This Is Not Your Father’s STEM Job #makereducation
Jessica Lahey of The Atlantic highlights the alternative, creative routes many women are taking after pursuing STEM degrees.
But what if girls bring a different perspective with them, and choose to navigate their STEM careers differently than boys? What if the traditional paths created and well-worn by generations of men are not the same paths girls follow as they apply their newfound skills to STEM fields? There are plenty of women out there engaged in traditional jobs in science, technology, engineering, and math, but many are forging novel, interdisciplinary, STEM-based careers that blur categories and transcend agenda.
Emily Graslie, scientist, educator, artist, and host of the popular YouTube show The Brain Scoop, recently produced an episode about women in STEM fields, “Where My Ladies At?” Graslie’s own career provides a clue to the location of some of those ladies.
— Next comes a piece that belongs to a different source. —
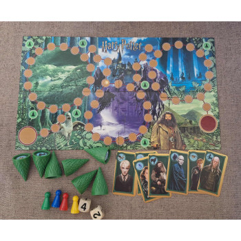 Hiánytalan, jó állapotú,nyomtatott magyar nyelvű szabállyal.6 éves kortól,2-4játékos részére.Néhány varázslatos vadállat rejtőzik a tiltott erdőben.Mágikus erőt érzel és be mersz lépni a tiltott erdőbe? Igen? Akkor segíts Harrynek,Hermionénak,Ronnak,Draconak,Hagridnak és Voldemort nagyúrnak megtalálni a vadállatokat,és a lehető leghamarabb elhozni őket Hagrid kunyhójába.

They are out there, innovating, designing, researching, and teaching, but because some women in STEM have opted for careers that defy categorization within the acronym, they can be harder to identify…
If our efforts to encourage women’s curiosity and passion for STEM succeed, we need to be prepared for the way female perspectives and approaches could expand the definition and scope of what it means to be STEM professionals. Because women have traditionally been excluded from these disciplines, and because their fresh eyes allow them to make connections between fields, many women are launching careers, and even entire industries, based on a flexible and creative definition of what it means to be a scientist, artist, or engineer. K-12 schools have done a particularly poor job of integrating study across STEM fields and encouraging creativity and interdisciplinary connections. We continue to teach science, technology, and math in isolation, as if they have little to do with one another. This sort of compartmentalized approach runs counter to what we know about effective learning: Students need to be able to connect content knowledge and concepts to real-world applications in order to develop mastery and passion for a subject.